[PATCH 0/3] mm: improve map count checks

Lorenzo Stoakes (Oracle) posted 3 patches 3 weeks, 6 days ago
include/linux/mm.h                 |  2 -
mm/internal.h                      |  6 ++
mm/mmap.c                          |  2 +-
mm/mremap.c                        | 98 ++++++++++++++++++++++++------
mm/nommu.c                         |  2 +-
mm/vma.c                           |  6 +-
tools/testing/vma/include/custom.h |  3 -
tools/testing/vma/include/dup.h    |  9 +++
tools/testing/vma/main.c           |  2 +
9 files changed, 100 insertions(+), 30 deletions(-)
[PATCH 0/3] mm: improve map count checks
Posted by Lorenzo Stoakes (Oracle) 3 weeks, 6 days ago
Firstly, in mremap(), it appears that our map count checks have been overly
conservative - there is simply no reason to require that we have headroom
of 4 mappings prior to moving the VMA, we only need headroom of 2 VMAs
since commit 659ace584e7a ("mmap: don't return ENOMEM when mapcount is
temporarily exceeded in munmap()").

Likely the original headroom of 4 mappings was a mistake, and 3 was
actually intended.

Next, we access sysctl_max_map_count in a number of places without being
all that careful about how we do so.

We introduces a simple helper that READ_ONCE()'s the field
(get_sysctl_max_map_count()) to ensure that the field is accessed
correctly. The WRITE_ONCE() side is already handled by the sysctl procfs
code in proc_int_conv().

We also move this field to internal.h as there's no reason for anybody else
to access it outside of mm. Unfortunately we have to maintain the extern
variable, as mmap.c implements the procfs code.

Finally, we are accessing current->mm->map_count without holding the mmap
write lock, which is also not correct, so this series ensures the lock is
head before we access it.

We also abstract the check to a helper function, and add ASCII diagrams to
explain why we're doing what we're doing.

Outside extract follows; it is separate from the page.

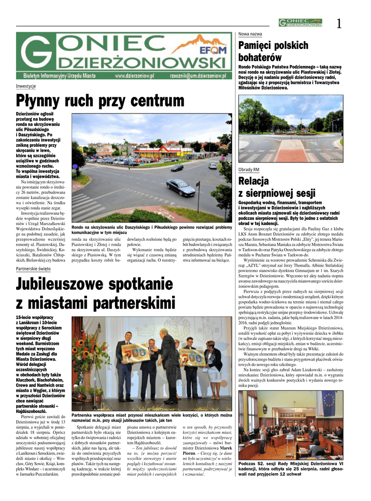 Nowa nazwa 1 Pamięci polskich bohaterów Inwestycje Płynny ruch przy centrum Dzierżoniów ogłosił przetarg na budowę ronda na skrzyżowaniu ulic Piłsudskiego i Daszyńskiego. Po zakończeniu inwestycji znikną problemy przy skręcaniu w lewo, które są szczególnie uciążliwe w godzinach wzmożonego ruchu. To wspólna inwestycja miasta i województwa. Na istniejącym skrzyżowaniu powstanie rondo o średnicy 26 metrów, przebudowana zostanie kanalizacja deszczowa i oświetlenie. Na środku wysepki ronda stanie zegar. Inwestycja realizowana będzie wspólnie przez Dzierżoniów i Urząd Marszałkowski Województwa Dolnośląskiego na podobnej zasadzie, jak przeprowadzone wcześniej remonty ul. Piastowskiej, Daszyńskiego, Świdnickiej, Kościuszki, Batalionów Chłopskich, Bielawskiej czy budowa Obrady RM Relacja z sierpniowej sesji Rondo na skrzyżowaniu ulic Daszyńskiego i Piłsudskiego powinno rozwiązać problemy komunikacyjne w tym miejscu ronda na skrzyżowaniu ulic dowlanych rozłożone będą po gnięciu przetargu, kosztach roPiastowskiej i Złotej i ronda połowie. bót budowlanych i związanych na skrzyżowaniu ul. DaszyńWykonanie ronda będzie z przebudową skrzyżowania skiego z Piastowską. W tym się wiązać z czasową zmianą utrudnieniach będziemy Pańprzypadku koszty robót bu- organizacji ruchu. O rozstrzy- stwa informować na bieżąco. Partnerskie święto Jubileuszowe spotkanie z miastami partnerskimi 15-lecie współpracy z Lanškroun i 10-lecie współpracy z Serockiem świętował Dzierżoniów w sierpniowy długi weekend. Burmistrzom tych miast wręczono Medale za Zasługi dla Miasta Dzierżoniowa. Wśród delegacji uczestniczących w obchodach były także Kluczbork, Bischofsheim, Crewe and Nantwich oraz miasto z Węgier, z którym w przyszłości Dzierżoniów chce nawiązać partnerskie stosunki – Hajdúszoboszló. Pierwsi goście zawitali do Dzierżoniowa już w środę 13 sierpnia, a wyjechali w poniedziałek 18 sierpnia. Oprócz udziału w sobotniej oficjalnej uroczystości podsumowującej jubileusze naszej współpracy z Lanškroun i Serockiem, zwiedzili miasto i okolicę – Wrocław, Góry Sowie, Książ, kompleks Włodarz – i uczestniczyli w Jarmarku Pszczelarskim. Rondo Polskiego Państwa Podziemnego – taką nazwę nosi rondo na skrzyżowaniu ulic Piastowskiej i Złotej. Decyzję o jej nadaniu podjęli dzierżoniowscy radni, zgadzając się z propozycją burmistrza i Towarzystwa Miłośników Dzierżoniowa. Partnerska współpraca miast przynosi mieszkańcom wiele rozmawiać m.in. przy okazji jubileuszów takich, jak ten Spotkanie delegacji miast pisana umowa o partnerstwie partnerskich było okazją nie Dzierżoniowa z kolejnym eutylko do świętowania i radości ropejskich miastem – kurorz dobrych stosunków partner- tem Hajdúszoboszló. skich, jakie nas łączą, ale tak– Ten jubileusz to dowód że do omówienia przyszłych na to, że można porzucić wspólnych przedsięwzięć oraz wszelkie stereotypy i utarte planów. Także tych na następ- poglądy i kształtować stosunną kadencję, w trakcie której ki między społecznościami prawdopodobnie zostanie pod- miast polskich i europejskich Gospodarką wodną, finansami, transportem i inwestycjami w Dzierżoniowie i najbliższych okolicach miasta zajmowali się dzierżoniowscy radni podczas sierpniowej sesji. Były to jedne z ostatnich obrad w tej kadencji. Sesja rozpoczęła się gratulacjami dla Pauliny Guz z klubu LKS Atom Boxmet Dzierżoniów za zdobycie złotego medalu podczas Szosowych Mistrzostw Polski „Elity”, jej trenera Mariusza Mazura, Sebastiana Maniaka za zdobycie Mistrzostwa Świata w Taekwon-do oraz Patryka Orzechowskiego za zdobycie złotego medalu w Pucharze Świata w Taekwon-do. Wyróżnienie za wzorowe prowadzenie Schroniska dla Zwierząt „AZYL” otrzymał zaś Jerzy Thomalla. Albinie Stefańskiej powierzono stanowisko dyrektora Gimnazjum nr 1 im. Szarych Szeregów w Dzierżoniowie. Wręczono też akty nadania stopnia awansu zawodowego na nauczyciela mianowanego sześciu dzierżoniowskim pedagogom. Pierwsza z podjętych przez radnych na sierpniowej sesji uchwał dotyczyła rozwoju i modernizacji urządzeń, dzięki którym gospodarka wodno-ściekowa na terenie miasta i niemal całego powiatu będzie prowadzona w oparciu o najnowszą technologię spełniającą restrykcyjne unijne przepisy środowiskowe. Uchwałę precyzującą m.in. zadania, jakie będą realizowane w latach 20142016, radni podjęli jednogłośnie. Przyjęli także statut Muzeum Miejskiego Dzierżoniowa, ustalili wysokość opłat za pobyt i wyżywienie dziecka w żłobku (w uchwale zapisano także ulgi, z których korzystać mogą mieszkańcy), emisji obligacji miejskich, zmian w budżecie, uczestnictwie finansowym w przebudowie drogi na Włóki. Ważnym elementem obrad były także prezentacje założeń do przyszłorocznego budżetu i stanu przygotowań placówek oświatowych do nowego roku szkolnego. Na koniec sesji głos zabrał Adam Lizakowski – zasłużony mieszkaniec Dzierżoniowa, który opowiadał m.in. o wygraniu dwóch ważnych konkursów poetyckich i wydaniu nowego tomiku poezji. korzyści, o których można w ten sposób, by przynosiły korzyści mieszkańcom miast, które się we współpracę zaangażowały – mówi burmistrz Dzierżoniowa Marek Piorun. – Cieszę się, że dane mi było uczestniczyć w wieloletnich kontaktach z naszymi partnerami, podtrzymywać je i wzmacniać. Podczas 52. sesji Rady Miejskiej Dzierżoniowa VI kadencji, która odbyła się 25 sierpnia, radni głosowali nad przyjęciem 12 uchwał 2 Mechanizm dla mieszkańców Skorzystali z inicjatywy lokalnej Mieszkańcy ulicy Świdnickiej jako jedni z pierwszych w mieście sięgnęli po mechanizm inicjatywy lokalnej. Dzięki temu mają dziś dojazd do swych domów wyłożony kostką brukową. Miasto zrealizowało inwestycję razem z nimi i pokryło prawie połowę kosztów. – To był wspania

Lorenzo Stoakes (Oracle) (3):
  mm/mremap: correct invalid map count check
  mm: abstract reading sysctl_max_map_count, and READ_ONCE()
  mm/mremap: check map count under mmap write lock and abstract

 include/linux/mm.h                 |  2 -
 mm/internal.h                      |  6 ++
 mm/mmap.c                          |  2 +-
 mm/mremap.c                        | 98 ++++++++++++++++++++++++------
 mm/nommu.c                         |  2 +-
 mm/vma.c                           |  6 +-
 tools/testing/vma/include/custom.h |  3 -
 tools/testing/vma/include/dup.h    |  9 +++
 tools/testing/vma/main.c           |  2 +
 9 files changed, 100 insertions(+), 30 deletions(-)

--
2.53.0
Re: [PATCH 0/3] mm: improve map count checks
Posted by Andrew Morton 1 week, 4 days ago
On Wed, 11 Mar 2026 17:24:35 +0000 "Lorenzo Stoakes (Oracle)" <ljs@kernel.org> wrote:

> Firstly, in mremap(), it appears that our map count checks have been overly
> conservative - there is simply no reason to require that we have headroom
> of 4 mappings prior to moving the VMA, we only need headroom of 2 VMAs
> since commit 659ace584e7a ("mmap: don't return ENOMEM when mapcount is
> temporarily exceeded in munmap()").
> 
> Likely the original headroom of 4 mappings was a mistake, and 3 was
> actually intended.
> 
> Next, we access sysctl_max_map_count in a number of places without being
> all that careful about how we do so.
> 
> We introduces a simple helper that READ_ONCE()'s the field
> (get_sysctl_max_map_count()) to ensure that the field is accessed
> correctly. The WRITE_ONCE() side is already handled by the sysctl procfs
> code in proc_int_conv().
> 
> We also move this field to internal.h as there's no reason for anybody else
> to access it outside of mm. Unfortunately we have to maintain the extern
> variable, as mmap.c implements the procfs code.
> 
> Finally, we are accessing current->mm->map_count without holding the mmap
> write lock, which is also not correct, so this series ensures the lock is
> head before we access it.
> 
> We also abstract the check to a helper function, and add ASCII diagrams to
> explain why we're doing what we're doing.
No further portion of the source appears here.